Detailed description of the invention
Fig. 1 is component multipotency beam high efficiency increasing material manufacturing method figure.
Fig. 2 is a kind of more set galvanometer light path system design drawings of beam all standing.
Fig. 3 is a kind of a set of galvanometer system light path design figure of beam all standing.
Fig. 4 is a kind of powdering formula multi-laser beam interval scan processing method schematic diagram.
Fig. 5 is a kind of powder feeding formula multi-laser beam scanning machining method schematic diagram.

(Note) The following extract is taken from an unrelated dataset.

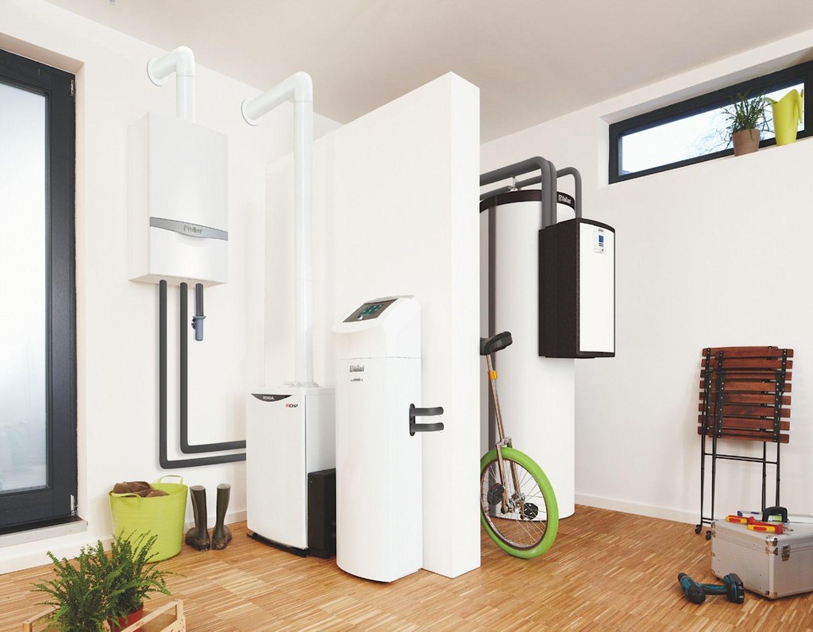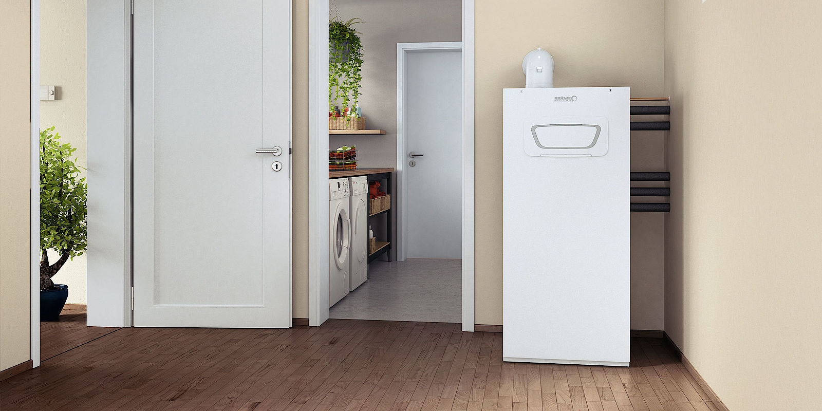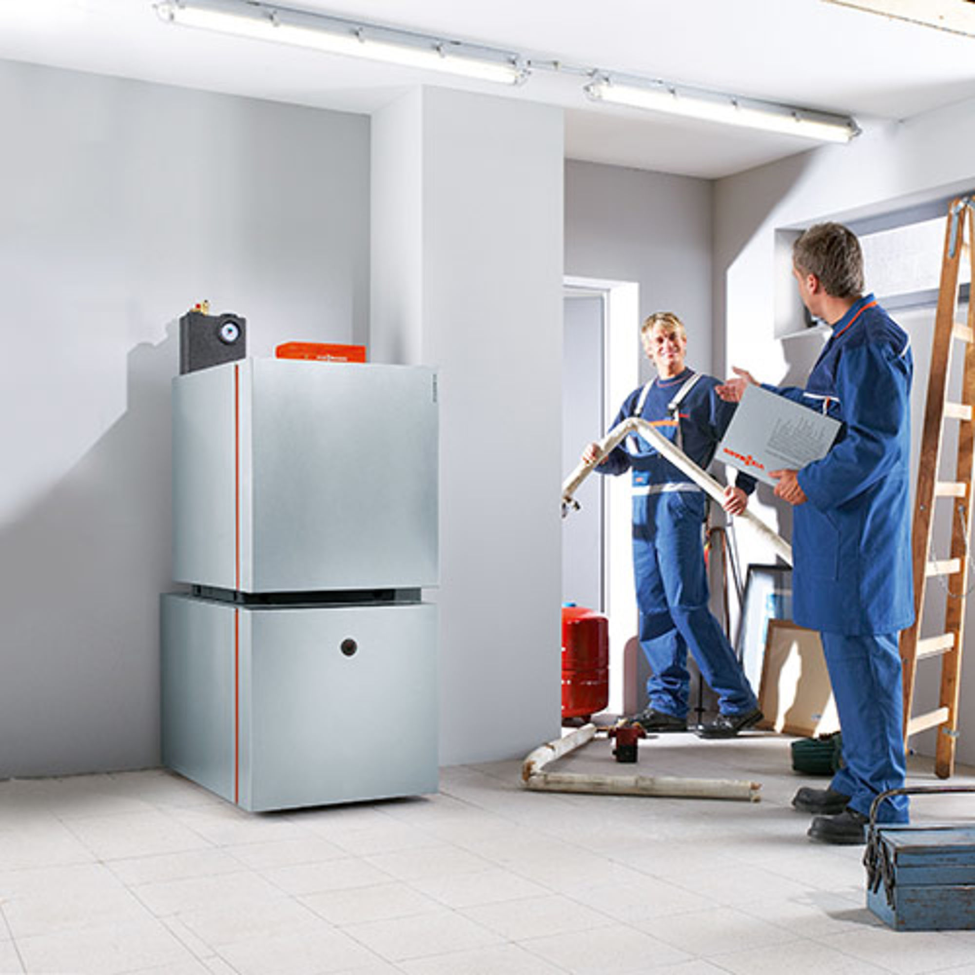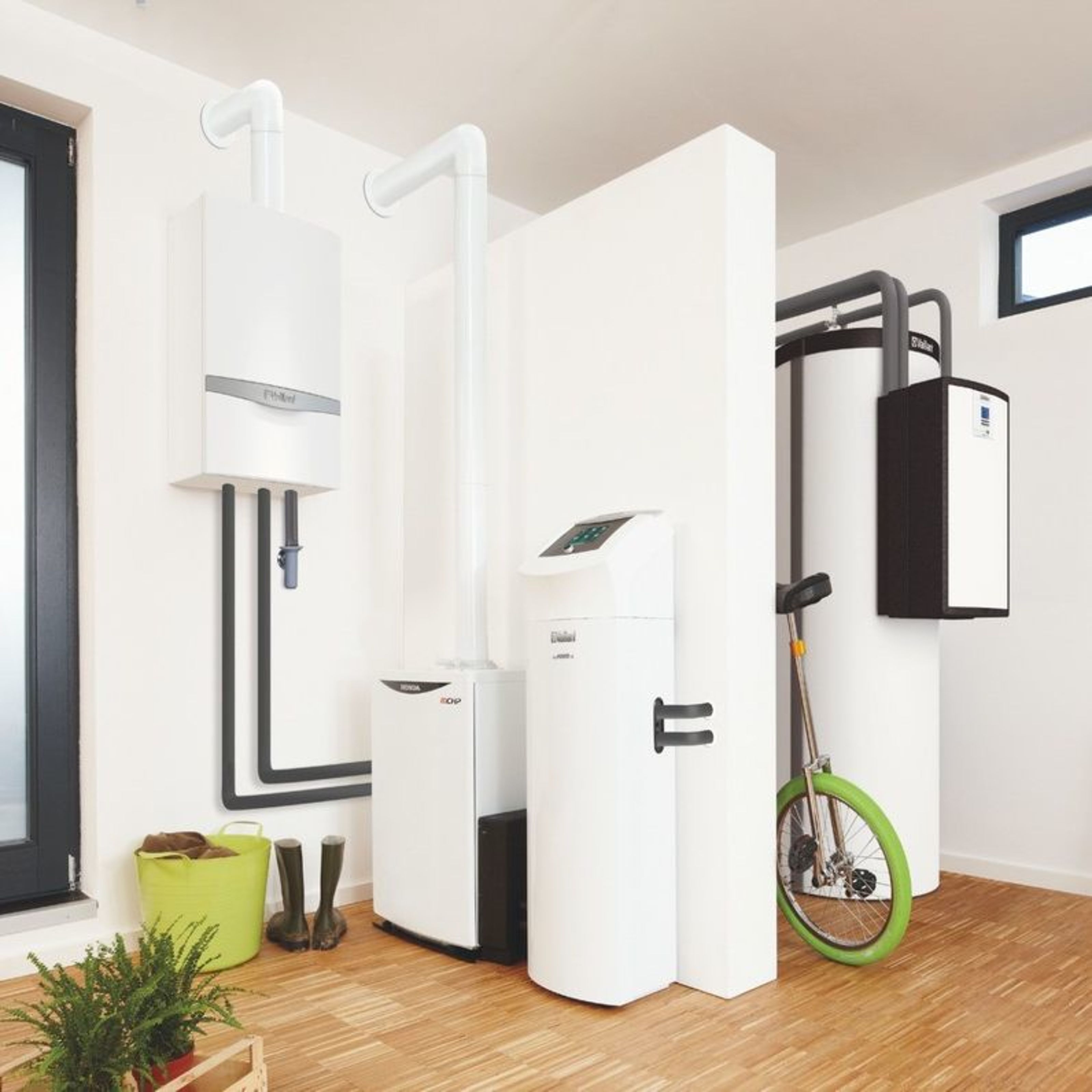 Durch die Kombination mit einem Gas- oder Öl-Brennwertgerät gelingt auch in Mehrfamilienhäusern eine individuelle Trinkwassererwärmung und auch höherer Wärmebedarf kann damit gewährleistet werden. Sollte die Leistung der Wärmepumpe nicht ausreichen, wird das Gas- oder Öl-Brennwertgerät zugeschaltet, sodass die beiden Wärmeerzeuger parallel fahren. Auch die Auswahl des Energieträgers ist frei.

Fig. 6 is a kind of powdering formula multi electron beam adjacent sectors scanning machining method schematic diagram.
Fig. 7 is a kind of random subarea-scanning processing method schematic diagram of powdering formula multi electron beam.
Fig. 8 is a kind of scanning strategy processing method figure that the two laser beam preheating/processing of powdering formula are parallel.
Specific embodiment
In order to make the objectives, technical solutions, and advantages of the present invention clearer, with reference to the accompanying drawings and embodiments, right
The present invention is further elaborated.It should be appreciated that the specific embodiments described herein are merely illustrative of the present invention, and
It is not used in the restriction present invention.As long as in addition, technical characteristic involved in the various embodiments of the present invention described below
Not constituting a conflict with each other can be combined with each other.
Key of the invention is the provision of a kind of multipotency beam high efficiency increasing material manufacturing method, as shown in Figure 1, passing through increase
The beam quantity of same breadth, beam can for laser beam, plasma beam, electric arc and electron beam etc., beam quantity can for 2 and its
More than, on any position of shaped region, each beam can independently, stablize, coordinate work, working method can be more
Beam individually processes, simultaneous processing and hybrid process.Moreover, multiple types may be implemented by multipotency beam simultaneous processing
Scanning strategy, including partition type scanning, compartment scanning, the scanning of profile/entity parallel type, random subarea-scanning and symmetrical
The strategies such as formula scanning carry out formed parts, and raw material supply mode can be powdering or powder feeding etc.;Moulding material can be metal, pottery
The forming efficiency of integral device greatly improved by the method for porcelain, high molecular material etc.;Moreover, it is swept by different
Retouching strategy can achieve the purpose of regulation component microstructure reduces internal stress.
Example 1: beam all standing covers galvanometer light path system design one more
As shown in Fig. 2, this example uses 2 laser beams 1 and 1', 2 sets of galvanometer systems 6 and 6' and 2 reflecting mirror 7 and 7'
Realize the scanning mode of beam full width face all standing.
Light path system working principle is that two light beams 1 and 1' enter respective galvanometer system 6 and 6' from side respectively, from
Outgoing beam below galvanometer.
The light beam projected below from galvanometer is again respectively by reflecting mirror 7 and 7', and finally directly entire shaped region is arrived in irradiation
On.
Light beam mainly passes through galvanometer and reflecting mirror realizes the direction transformation of incident beam, the rotation of reflecting optics and galvanometer
The light beam covering of combination further expansion range.
Example 2: a set of galvanometer light path system design two of beam all standing
As shown in figure 3, the galvanometer light path system that this example design is novel, realizes that each beam can irradiate entire formation zone
Domain.
The galvanometer system includes a galvanometer 6, and two groups of reflecting optics groups (7 and 7', 7 " and 7' ") are integrated to be formed.
Two groups of reflecting optics are located at the upper and lower part of galvanometer system, and two beam laser beams 1 and 1' are penetrated from two sides respectively
Enter in galvanometer system.
Pass through corresponding reflecting optics group respectively, by the rotation of reflecting mirror and organically cooperate, 2 light beams are from vibration
It is projected below mirror.
The design method, using two sets of reflecting optics groups, passes through reflecting optics group on the basis of existing galvanometer system
The full width face covering of single beam beam is realized in rotation.
Example 3: powdering formula multi-laser beam compartment scanning
As shown in figure 4, this example carries out rapid processing to component simultaneously using 2 laser beams, powder supply mode is used
Powdering mode.
Before 2 laser beams is processed, it is passed through protective gas into forming cavity 5, reduces the oxygen content of shaped region, it is ensured that
The safety of the quality and process of forming.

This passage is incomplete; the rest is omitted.